Образ Печорина одно из главных открытий Лермонтова

“Настоящая природа человека” ощутима и в Печорине “Героя нашего времени”. Она прорывается сквозь “кору” его дворянско-аристократической ограниченности, ставя его в неразрешимое противоречие с окружающим обществом. Но трагизм положения Печорина усугубляется перерастанием внешнего конфликта в конфликт внутренний, что обрекает героя на изнурительную борьбу не только со средой, но и с самим собою.

Печорин неоднократно говорит о своей двойственности. Обычно она рассматривается в русле руссоистского противопоставления

в Печорине “естественного человека” человеку “цивилизованному”. Однако подлинная сложность романа и образа Печорина требует более пристального внимания к рассмотрению лермонтовской эстетической концепции человека.

Интересный материал в этом плане дает отрывок из чернового варианта портрета Печорина. В нем автор-повествователь, сравнивая Печорина с тигром (“Если верить тому, что каждый человек имеет сходство с каким-нибудь животным…”), делал важное заключение: “…таков, казалось мне, должен был быть его характер физический, т. е. тот, который зависит от наших нерв и от более или

менее скорого обращения крови; душа – другое дело: душа или покоряется природным склонностям, или борется с ними, или побеждает их: от этого злодея, толпа и люди высокой добродетели; в этом отношении Печорин принадлежал к толпе”. Воздействие природных задатков и склонностей на формирование человека здесь мыслится явно не таким однозначно положительным, как в различных теориях “естественного человека”.

Формируясь под воздействием “физического характера”, душа способна не только к противоборству с этой природной основой, но и к самопостроению. Природные склонности, страсти – лишь первичные предпосылки душевной жизни, они “принадлежность юности сердца”, как говорил Печорин. Печатью “юности сердца” отмечены чувства и поступки “детей природы” – горцев; это яркие, сильные характеры, подчиненные, однако, бушующим в них страстям.

Во многом сходный с ними по природным задаткам, Печорин далек от их “естественной” непосредственности. В этом преимущество развитого сознания. Если в раннем творчестве Лермонтов отдал дань увлечению идеей “естественного человека”, то в период работы над “Героем нашего времени” она была для него пройденным этапом.
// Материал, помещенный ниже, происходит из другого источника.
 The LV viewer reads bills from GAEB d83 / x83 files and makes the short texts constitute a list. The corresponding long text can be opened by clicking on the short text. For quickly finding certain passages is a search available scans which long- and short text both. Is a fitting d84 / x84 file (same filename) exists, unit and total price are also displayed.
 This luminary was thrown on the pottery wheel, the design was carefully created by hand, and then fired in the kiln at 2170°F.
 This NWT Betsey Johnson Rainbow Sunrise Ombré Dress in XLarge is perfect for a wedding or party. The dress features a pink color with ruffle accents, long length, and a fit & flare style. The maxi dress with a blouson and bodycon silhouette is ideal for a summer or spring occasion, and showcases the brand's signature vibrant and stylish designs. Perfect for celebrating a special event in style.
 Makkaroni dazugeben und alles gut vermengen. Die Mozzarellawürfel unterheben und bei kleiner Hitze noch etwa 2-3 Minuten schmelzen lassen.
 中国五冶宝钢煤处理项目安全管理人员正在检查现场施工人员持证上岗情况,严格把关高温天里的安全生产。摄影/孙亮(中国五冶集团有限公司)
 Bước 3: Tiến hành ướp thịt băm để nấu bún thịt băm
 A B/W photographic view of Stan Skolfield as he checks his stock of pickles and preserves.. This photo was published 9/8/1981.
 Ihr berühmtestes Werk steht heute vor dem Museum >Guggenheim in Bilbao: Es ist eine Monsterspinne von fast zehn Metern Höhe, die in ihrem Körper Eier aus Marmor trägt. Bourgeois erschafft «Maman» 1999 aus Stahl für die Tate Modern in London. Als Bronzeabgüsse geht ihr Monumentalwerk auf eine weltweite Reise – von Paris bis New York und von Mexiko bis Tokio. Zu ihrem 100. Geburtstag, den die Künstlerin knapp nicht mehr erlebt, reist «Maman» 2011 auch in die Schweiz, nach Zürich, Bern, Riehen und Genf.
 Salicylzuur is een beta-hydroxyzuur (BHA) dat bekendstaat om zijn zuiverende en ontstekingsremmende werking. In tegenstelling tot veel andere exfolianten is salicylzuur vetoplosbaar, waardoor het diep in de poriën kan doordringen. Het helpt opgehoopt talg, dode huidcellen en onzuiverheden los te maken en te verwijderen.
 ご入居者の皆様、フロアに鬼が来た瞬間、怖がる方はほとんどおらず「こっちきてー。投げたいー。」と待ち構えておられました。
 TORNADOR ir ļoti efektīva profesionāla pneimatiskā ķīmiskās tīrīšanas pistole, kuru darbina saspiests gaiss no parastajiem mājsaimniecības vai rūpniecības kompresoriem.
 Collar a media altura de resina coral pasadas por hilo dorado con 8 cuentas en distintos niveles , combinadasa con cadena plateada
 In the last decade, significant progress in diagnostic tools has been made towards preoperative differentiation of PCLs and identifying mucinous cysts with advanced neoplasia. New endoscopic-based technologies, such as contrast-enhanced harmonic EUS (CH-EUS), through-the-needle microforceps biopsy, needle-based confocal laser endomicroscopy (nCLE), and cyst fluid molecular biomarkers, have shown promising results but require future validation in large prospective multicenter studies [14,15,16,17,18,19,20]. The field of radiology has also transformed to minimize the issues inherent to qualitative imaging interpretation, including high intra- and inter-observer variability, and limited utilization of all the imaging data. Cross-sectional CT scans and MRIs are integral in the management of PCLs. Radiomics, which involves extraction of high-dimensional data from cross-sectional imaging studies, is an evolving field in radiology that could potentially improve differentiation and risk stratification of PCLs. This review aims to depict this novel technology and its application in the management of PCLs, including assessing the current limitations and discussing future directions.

В романе нет и следа надежды на возможность исцеления героя, испорченного “цивилизацией”, путем приобщения его к “естественному состоянию” через любовь к “дикарке”: ее любовь оказывается “немногим лучше любви знатной барыни; невежество и простосердечие одной так же надоедают, как и кокетство другой”.

Перед лицом развитого сознания оказываются одинаково несостоятельными реальные представители как “естественного”, так и “цивилизованного” состояния, с той существенной разницей, что само это сознание является все же принадлежностью последнего.

Для лермонтовской концепции личности и понимания общечеловеческой ценности романа существенна выраженная в нем ориентация на выявление в человеке не только природного и конкретно-социального, но и его общесоциального, т. е. родового начала.

В европейской и русской философской мысли I половины XIX в. идея “родового человека”, наследующего в большей или меньшей мере опыт исторического развития всего человечества, все больше противостояла идее “естественного человека”, по которой человек родится готовым и совершенным от природы, а общество лишь его портит. Выступая против этой теории, Белинский писал, что только “животное родится готовым” и потому оно “не может сделаться ни лучше, ни хуже того, каким создала его природа. Человек бывает животным только до появления в нем… сознания; с этой поры он отделяется от природы и… борется.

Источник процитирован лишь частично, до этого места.